Aggregations


Aggregations are stateful transformations that allow to group an unbounded set of inputs into sub-sets and then to aggregate each of these sub-sets into a single output; the reason why they are stateful is because they need to maintain the current state of computation between the application of each input.

To group a given input dataset into sub-sets, a key function needs to specified; the result of applying this key function to an input record will be used as a discriminator (sometimes called a pivot) to determine in what sub-set each input record is to be bucketed.

The specific transformation that each aggregation performs is described by the Aggregated Functions used in the input query. See a complete list of aggregate functions.

Aggregations match table semantics 

Notice that the behavior described above is precisely what a Table does. For any given key, there is the state will continuously be updated as new events with the given key are received. In the case of Aggregations, new events are represented by input records in the original dataset that will map to a given key, therefore ending up in a bucket or another.

Whenever Aggregations are used, the result will be a Table. Each entry will have the key set to the grouping discriminator, and the value set to the current state of computation for all input records matching the key.

Syntax 

The complete syntax for aggregations is:

SELECT (STREAM | TABLE)
  <aggregated projection1>
    [, aggregated projection2] ... [, aggregated projectionN]
    [, projection1] ... [, projectionM]
FROM
  <source>
[WINDOW BY <window description>]
GROUP BY <expression>
;

The specific syntactical elements of the above are:

  • (STREAM | TABLE): specifies if the <source> is to be interpreted as a stream or a table.
  • <aggregated projection1>: a projection is aggregated when its source contains an Aggregated Functions (e.g. COUNT(*) as x, CAST(COUNT(*) as STRING) as stringed).
  • [, aggregated projection2] ... [, aggregated projectionN]: a query can contain any number of additional aggregated projections after the first mandatory one.
  • [, projection1] ... [, projectionM]: a query can contain any number of common, non-aggregated, projections. Streaming only supports full GROUP BY mode. This means that fields that are not part of the GROUP BY clause cannot be referenced by non-aggregated projections.
  • <source>: a normal source, like a topic or the result of a WITH statement.
  • [WINDOW BY <window description>]: this optional section can only be specified if STREAM is used. It allows to describe the windowing that will be applied to the aggregation. More on this below.
  • GROUP BY <expression>: the result of evaluating <expression> will be used to divide the input values into different groups. These groups will be the input for each aggregated projection specified. The <expression>’s result will become the key for the table resulting from the query.

Specific rules for aggregated projections 

Most of the rules and syntax described for Projections apply to aggregated projections as well, but there are some additional syntactical rules due to the specific nature of Aggregations.

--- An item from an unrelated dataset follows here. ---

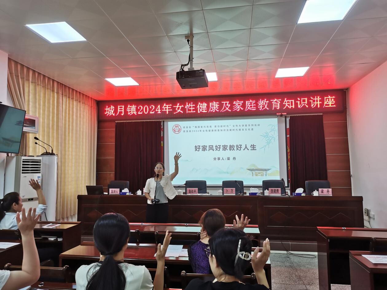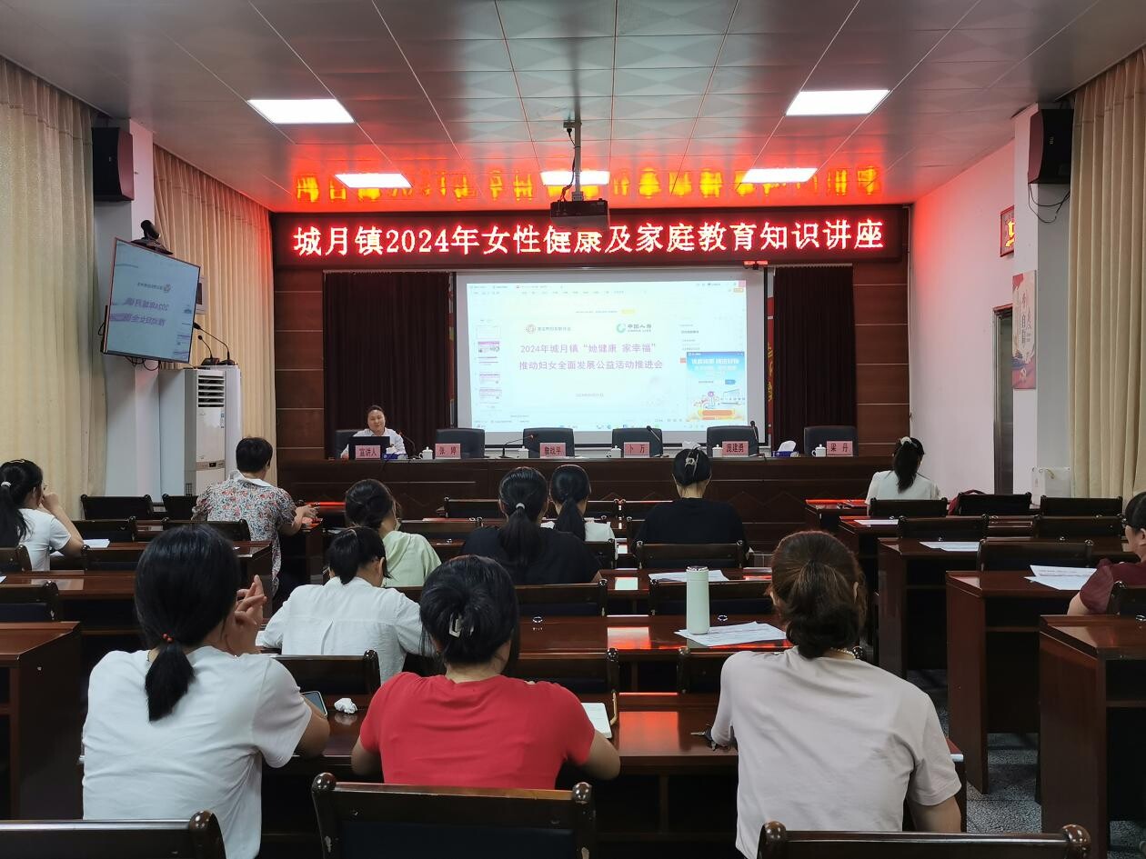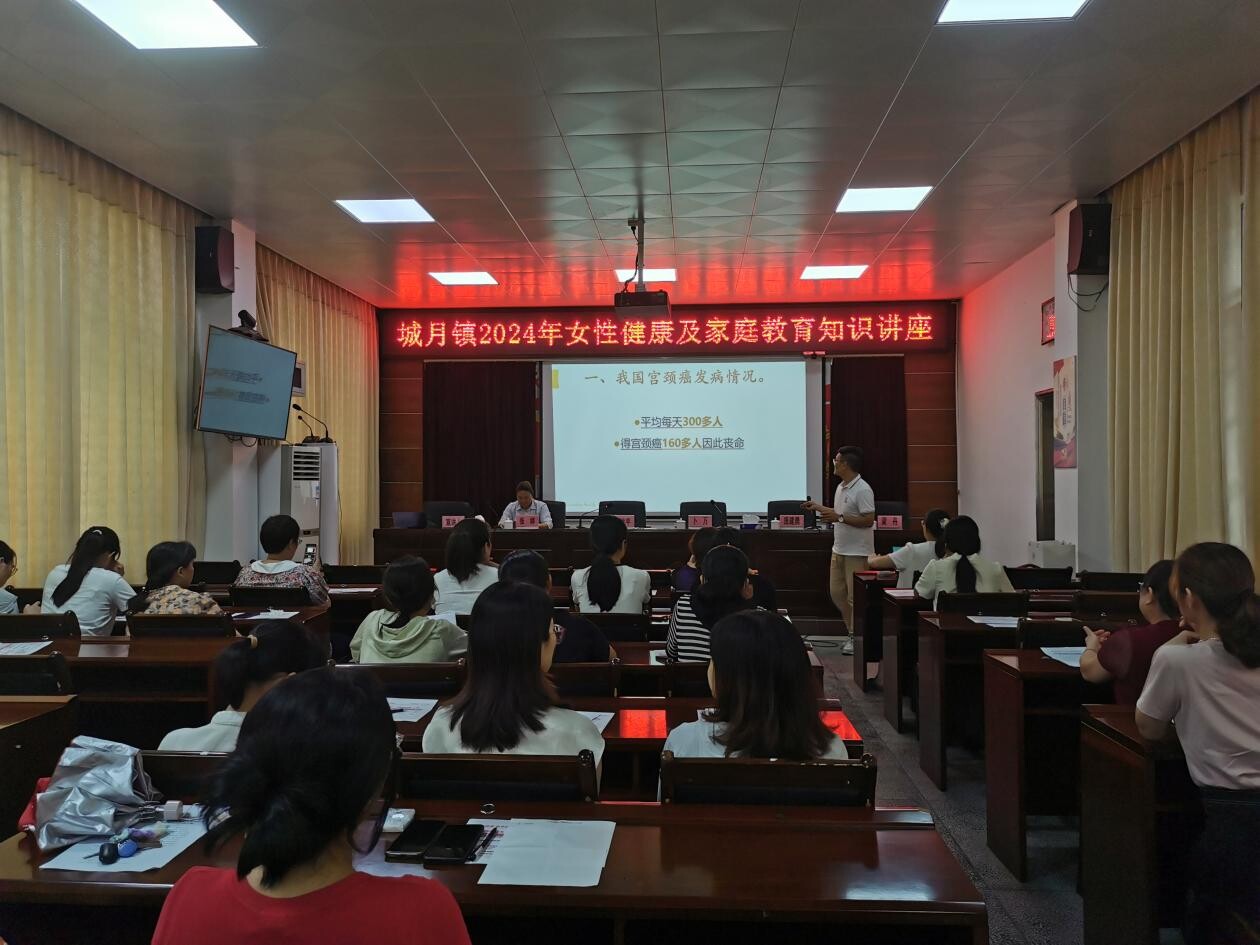 为了广泛普及女性健康科普知识,传播婚育新风,引导广大妇女树立健康理念及树立正确的家庭观、婚恋观,以家庭健康和谐促进社会和谐,助力健康遂溪、平安遂溪建设,5月31日,城月镇妇联举办“2024年女性健康科普知识及新时代婚育文化进基层”宣讲活动,由镇党委副书记詹战平主持,镇妇女干部等40余人聆听讲座。

  • Aliasing rules mostly work the same, but it is not possible to project on the key facet; COUNT(*) as _key.a or SUM(x) as _key are therefore not allowed.
  • At least one aggregated projections must be specified in the query.
  • Projections using an unqualified key facet as source are not allowed. _key.a or COUNT(_key.b) are forbidden because _key is unqualified, but <source>._key.a and COUNT(<source>._key.b) are supported.

Grouping and storage format for key 

INSERT INTO target-topic
SELECT STREAM  
    COUNT(*) AS records
FROM input-topic
GROUP BY field1;

As previously mentioned, the GROUP BY is used to determine the key of the query’s result; the above query will group all records in input-topic by the value of field1 in each record, and target-topic’s key will be the schema of field1.

Just like in the case of the Projections, the Streaming mode takes an opinionated approach here and will simplify the result schema and Storage Format in case of single field structures.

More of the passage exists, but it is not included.